◆ ACTIVITY
Go to the line below containing "光りすぎず上品に使えるマットサテン生地を使用したワイドパンツです" and print exactly from there through the line containing "- Design: Full-color", both included. Print nothing else.

◆ EXTRACTED MATERIAL
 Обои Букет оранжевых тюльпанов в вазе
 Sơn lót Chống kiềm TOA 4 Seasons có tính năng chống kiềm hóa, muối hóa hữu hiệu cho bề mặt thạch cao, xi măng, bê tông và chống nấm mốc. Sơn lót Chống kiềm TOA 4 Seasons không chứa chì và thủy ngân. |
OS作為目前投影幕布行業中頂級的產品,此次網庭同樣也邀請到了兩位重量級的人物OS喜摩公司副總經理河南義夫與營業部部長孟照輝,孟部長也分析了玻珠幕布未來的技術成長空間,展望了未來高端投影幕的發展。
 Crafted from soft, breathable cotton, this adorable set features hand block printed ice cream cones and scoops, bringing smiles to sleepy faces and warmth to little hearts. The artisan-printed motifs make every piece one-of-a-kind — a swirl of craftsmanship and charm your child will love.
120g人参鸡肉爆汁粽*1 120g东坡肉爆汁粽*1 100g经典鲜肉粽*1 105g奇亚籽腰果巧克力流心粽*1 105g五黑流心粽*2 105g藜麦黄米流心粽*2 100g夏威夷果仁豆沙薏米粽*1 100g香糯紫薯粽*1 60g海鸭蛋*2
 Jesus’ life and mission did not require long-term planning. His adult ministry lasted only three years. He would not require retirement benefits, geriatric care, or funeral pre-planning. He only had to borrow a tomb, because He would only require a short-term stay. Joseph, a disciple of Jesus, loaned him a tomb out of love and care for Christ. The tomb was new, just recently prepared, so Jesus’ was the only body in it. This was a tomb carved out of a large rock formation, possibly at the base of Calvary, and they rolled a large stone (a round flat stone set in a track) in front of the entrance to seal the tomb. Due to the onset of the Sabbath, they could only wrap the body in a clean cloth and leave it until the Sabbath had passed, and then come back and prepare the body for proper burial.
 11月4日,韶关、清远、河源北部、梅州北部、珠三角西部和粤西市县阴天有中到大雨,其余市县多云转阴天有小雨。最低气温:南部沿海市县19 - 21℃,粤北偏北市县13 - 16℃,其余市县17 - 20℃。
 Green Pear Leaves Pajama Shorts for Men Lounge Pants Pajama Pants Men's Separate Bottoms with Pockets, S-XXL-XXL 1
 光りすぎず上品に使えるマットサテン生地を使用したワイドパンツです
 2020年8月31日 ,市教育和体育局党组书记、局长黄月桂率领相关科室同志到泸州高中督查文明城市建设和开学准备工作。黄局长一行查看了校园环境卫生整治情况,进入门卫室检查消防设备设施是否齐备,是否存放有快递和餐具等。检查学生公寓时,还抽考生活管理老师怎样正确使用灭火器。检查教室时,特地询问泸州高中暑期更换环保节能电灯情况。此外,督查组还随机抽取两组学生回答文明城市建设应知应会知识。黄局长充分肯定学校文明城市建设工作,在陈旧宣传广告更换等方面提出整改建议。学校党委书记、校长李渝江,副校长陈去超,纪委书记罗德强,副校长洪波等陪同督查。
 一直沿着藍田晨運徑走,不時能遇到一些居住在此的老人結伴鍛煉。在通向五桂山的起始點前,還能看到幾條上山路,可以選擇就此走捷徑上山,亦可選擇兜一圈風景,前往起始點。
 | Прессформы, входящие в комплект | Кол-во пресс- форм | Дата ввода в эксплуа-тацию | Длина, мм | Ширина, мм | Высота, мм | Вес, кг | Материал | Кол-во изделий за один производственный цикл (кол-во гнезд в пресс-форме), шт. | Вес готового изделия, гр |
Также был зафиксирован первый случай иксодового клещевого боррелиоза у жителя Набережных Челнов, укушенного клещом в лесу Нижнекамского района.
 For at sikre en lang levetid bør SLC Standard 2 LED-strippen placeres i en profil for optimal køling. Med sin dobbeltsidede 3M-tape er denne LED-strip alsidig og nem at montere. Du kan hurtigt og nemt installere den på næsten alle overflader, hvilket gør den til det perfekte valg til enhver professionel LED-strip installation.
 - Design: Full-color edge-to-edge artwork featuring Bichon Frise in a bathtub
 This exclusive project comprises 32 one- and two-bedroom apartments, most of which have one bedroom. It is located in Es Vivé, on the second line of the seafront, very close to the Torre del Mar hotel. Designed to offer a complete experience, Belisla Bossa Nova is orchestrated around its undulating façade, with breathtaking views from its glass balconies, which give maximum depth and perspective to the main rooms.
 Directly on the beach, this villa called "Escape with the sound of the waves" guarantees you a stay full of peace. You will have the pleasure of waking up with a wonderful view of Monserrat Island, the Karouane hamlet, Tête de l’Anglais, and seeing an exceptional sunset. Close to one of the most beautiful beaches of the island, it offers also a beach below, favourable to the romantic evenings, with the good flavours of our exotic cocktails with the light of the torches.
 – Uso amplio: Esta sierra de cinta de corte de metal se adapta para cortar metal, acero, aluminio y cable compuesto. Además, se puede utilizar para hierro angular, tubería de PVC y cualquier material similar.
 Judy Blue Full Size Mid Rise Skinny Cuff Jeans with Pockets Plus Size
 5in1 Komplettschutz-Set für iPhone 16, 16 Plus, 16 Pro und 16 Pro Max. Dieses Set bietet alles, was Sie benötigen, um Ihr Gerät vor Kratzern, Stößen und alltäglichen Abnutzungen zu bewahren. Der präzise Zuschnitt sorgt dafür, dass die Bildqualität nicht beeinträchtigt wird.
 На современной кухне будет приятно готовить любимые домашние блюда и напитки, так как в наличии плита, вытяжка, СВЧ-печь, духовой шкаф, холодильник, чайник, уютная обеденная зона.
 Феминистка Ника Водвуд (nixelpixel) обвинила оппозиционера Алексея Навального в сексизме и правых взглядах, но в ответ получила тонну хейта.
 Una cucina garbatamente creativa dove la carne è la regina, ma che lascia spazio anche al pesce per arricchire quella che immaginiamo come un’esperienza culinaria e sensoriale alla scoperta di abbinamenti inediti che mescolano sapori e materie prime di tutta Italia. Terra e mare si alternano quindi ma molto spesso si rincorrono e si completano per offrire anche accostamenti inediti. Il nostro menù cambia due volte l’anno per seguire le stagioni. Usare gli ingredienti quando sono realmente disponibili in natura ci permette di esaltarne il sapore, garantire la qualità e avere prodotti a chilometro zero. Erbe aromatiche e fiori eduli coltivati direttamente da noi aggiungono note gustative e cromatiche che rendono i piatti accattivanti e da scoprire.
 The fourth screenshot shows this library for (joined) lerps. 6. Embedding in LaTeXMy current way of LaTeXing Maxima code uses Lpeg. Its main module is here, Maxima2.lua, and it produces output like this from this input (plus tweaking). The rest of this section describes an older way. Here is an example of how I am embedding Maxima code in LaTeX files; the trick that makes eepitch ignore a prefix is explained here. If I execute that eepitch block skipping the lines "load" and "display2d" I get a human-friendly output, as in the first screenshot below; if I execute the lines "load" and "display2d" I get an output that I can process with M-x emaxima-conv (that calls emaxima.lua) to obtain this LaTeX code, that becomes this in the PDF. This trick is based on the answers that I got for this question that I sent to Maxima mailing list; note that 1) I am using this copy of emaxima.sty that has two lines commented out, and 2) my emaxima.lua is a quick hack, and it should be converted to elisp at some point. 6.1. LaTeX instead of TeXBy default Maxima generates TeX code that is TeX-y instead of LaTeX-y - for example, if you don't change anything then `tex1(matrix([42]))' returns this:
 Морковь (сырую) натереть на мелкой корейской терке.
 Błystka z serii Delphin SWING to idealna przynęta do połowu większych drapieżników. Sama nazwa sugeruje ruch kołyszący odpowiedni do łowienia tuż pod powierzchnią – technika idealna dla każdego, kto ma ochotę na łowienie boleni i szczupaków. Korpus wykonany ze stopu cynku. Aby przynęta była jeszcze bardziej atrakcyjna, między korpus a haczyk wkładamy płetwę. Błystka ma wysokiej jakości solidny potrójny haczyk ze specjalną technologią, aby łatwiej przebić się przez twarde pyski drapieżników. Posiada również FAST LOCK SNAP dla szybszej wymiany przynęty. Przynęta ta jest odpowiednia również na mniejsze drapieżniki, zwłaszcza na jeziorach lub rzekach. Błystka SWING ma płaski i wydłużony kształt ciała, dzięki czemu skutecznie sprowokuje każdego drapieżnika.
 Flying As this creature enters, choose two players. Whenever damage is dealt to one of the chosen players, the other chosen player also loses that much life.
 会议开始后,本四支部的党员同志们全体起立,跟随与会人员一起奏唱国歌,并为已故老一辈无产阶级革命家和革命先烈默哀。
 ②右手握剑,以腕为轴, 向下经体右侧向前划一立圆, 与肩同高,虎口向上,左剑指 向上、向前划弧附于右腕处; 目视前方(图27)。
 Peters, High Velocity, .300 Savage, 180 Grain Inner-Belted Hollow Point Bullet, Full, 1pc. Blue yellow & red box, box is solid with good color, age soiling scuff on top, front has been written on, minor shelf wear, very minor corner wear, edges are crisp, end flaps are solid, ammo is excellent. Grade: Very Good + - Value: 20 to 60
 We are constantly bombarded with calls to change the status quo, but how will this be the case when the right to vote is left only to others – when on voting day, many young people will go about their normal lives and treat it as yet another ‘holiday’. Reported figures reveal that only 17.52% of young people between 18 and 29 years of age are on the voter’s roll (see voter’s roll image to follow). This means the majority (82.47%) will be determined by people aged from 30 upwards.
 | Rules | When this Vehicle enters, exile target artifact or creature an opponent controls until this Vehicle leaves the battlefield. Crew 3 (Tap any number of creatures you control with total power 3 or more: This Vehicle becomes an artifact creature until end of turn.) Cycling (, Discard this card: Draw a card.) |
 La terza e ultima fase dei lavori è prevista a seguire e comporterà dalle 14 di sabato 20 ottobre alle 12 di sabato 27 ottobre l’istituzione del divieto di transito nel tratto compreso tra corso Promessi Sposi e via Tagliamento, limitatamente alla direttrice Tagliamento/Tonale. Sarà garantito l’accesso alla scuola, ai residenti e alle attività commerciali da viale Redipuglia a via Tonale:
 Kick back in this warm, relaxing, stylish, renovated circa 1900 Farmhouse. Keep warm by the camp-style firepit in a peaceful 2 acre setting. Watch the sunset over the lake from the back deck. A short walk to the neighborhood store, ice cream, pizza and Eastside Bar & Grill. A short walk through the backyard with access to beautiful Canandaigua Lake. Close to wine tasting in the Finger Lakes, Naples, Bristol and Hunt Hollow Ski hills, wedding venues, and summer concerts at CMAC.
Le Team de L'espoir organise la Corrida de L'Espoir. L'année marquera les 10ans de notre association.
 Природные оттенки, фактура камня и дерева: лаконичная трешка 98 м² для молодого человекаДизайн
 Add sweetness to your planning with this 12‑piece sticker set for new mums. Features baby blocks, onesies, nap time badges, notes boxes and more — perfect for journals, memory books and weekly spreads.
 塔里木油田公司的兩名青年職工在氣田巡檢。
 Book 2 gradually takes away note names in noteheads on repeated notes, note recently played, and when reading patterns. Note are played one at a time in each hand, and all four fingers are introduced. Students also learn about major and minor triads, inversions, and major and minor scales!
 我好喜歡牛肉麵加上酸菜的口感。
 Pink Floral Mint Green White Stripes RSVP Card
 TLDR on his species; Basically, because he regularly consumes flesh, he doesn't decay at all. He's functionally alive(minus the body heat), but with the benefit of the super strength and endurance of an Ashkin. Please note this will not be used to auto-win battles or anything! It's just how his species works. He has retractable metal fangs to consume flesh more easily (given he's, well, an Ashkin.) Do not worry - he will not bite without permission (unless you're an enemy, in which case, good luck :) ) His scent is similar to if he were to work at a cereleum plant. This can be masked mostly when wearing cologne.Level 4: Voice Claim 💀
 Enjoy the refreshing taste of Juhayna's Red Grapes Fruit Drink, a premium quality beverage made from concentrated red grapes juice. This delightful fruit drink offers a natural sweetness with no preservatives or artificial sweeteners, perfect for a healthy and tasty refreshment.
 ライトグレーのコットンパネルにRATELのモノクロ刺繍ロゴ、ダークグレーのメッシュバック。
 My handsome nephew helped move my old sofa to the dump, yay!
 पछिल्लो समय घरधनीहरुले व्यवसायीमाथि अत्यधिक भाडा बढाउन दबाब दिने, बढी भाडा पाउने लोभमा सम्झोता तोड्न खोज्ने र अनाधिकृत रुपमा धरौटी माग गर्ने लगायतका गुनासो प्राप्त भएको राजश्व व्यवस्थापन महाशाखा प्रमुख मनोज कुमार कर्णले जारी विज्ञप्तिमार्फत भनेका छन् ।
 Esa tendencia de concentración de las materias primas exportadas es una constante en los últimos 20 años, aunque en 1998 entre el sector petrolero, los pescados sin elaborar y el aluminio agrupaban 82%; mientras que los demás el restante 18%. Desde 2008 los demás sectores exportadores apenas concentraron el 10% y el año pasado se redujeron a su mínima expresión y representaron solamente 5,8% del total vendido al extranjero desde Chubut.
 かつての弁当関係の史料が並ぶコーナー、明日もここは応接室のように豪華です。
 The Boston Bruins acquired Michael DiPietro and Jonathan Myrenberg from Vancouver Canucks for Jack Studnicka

◆ SOLUTION TO THE PROBLEM
 光りすぎず上品に使えるマットサテン生地を使用したワイドパンツです
 2020年8月31日 ,市教育和体育局党组书记、局长黄月桂率领相关科室同志到泸州高中督查文明城市建设和开学准备工作。黄局长一行查看了校园环境卫生整治情况,进入门卫室检查消防设备设施是否齐备,是否存放有快递和餐具等。检查学生公寓时,还抽考生活管理老师怎样正确使用灭火器。检查教室时,特地询问泸州高中暑期更换环保节能电灯情况。此外,督查组还随机抽取两组学生回答文明城市建设应知应会知识。黄局长充分肯定学校文明城市建设工作,在陈旧宣传广告更换等方面提出整改建议。学校党委书记、校长李渝江,副校长陈去超,纪委书记罗德强,副校长洪波等陪同督查。
 一直沿着藍田晨運徑走,不時能遇到一些居住在此的老人結伴鍛煉。在通向五桂山的起始點前,還能看到幾條上山路,可以選擇就此走捷徑上山,亦可選擇兜一圈風景,前往起始點。
 | Прессформы, входящие в комплект | Кол-во пресс- форм | Дата ввода в эксплуа-тацию | Длина, мм | Ширина, мм | Высота, мм | Вес, кг | Материал | Кол-во изделий за один производственный цикл (кол-во гнезд в пресс-форме), шт. | Вес готового изделия, гр |
Также был зафиксирован первый случай иксодового клещевого боррелиоза у жителя Набережных Челнов, укушенного клещом в лесу Нижнекамского района.
 For at sikre en lang levetid bør SLC Standard 2 LED-strippen placeres i en profil for optimal køling. Med sin dobbeltsidede 3M-tape er denne LED-strip alsidig og nem at montere. Du kan hurtigt og nemt installere den på næsten alle overflader, hvilket gør den til det perfekte valg til enhver professionel LED-strip installation.
 - Design: Full-color edge-to-edge artwork featuring Bichon Frise in a bathtub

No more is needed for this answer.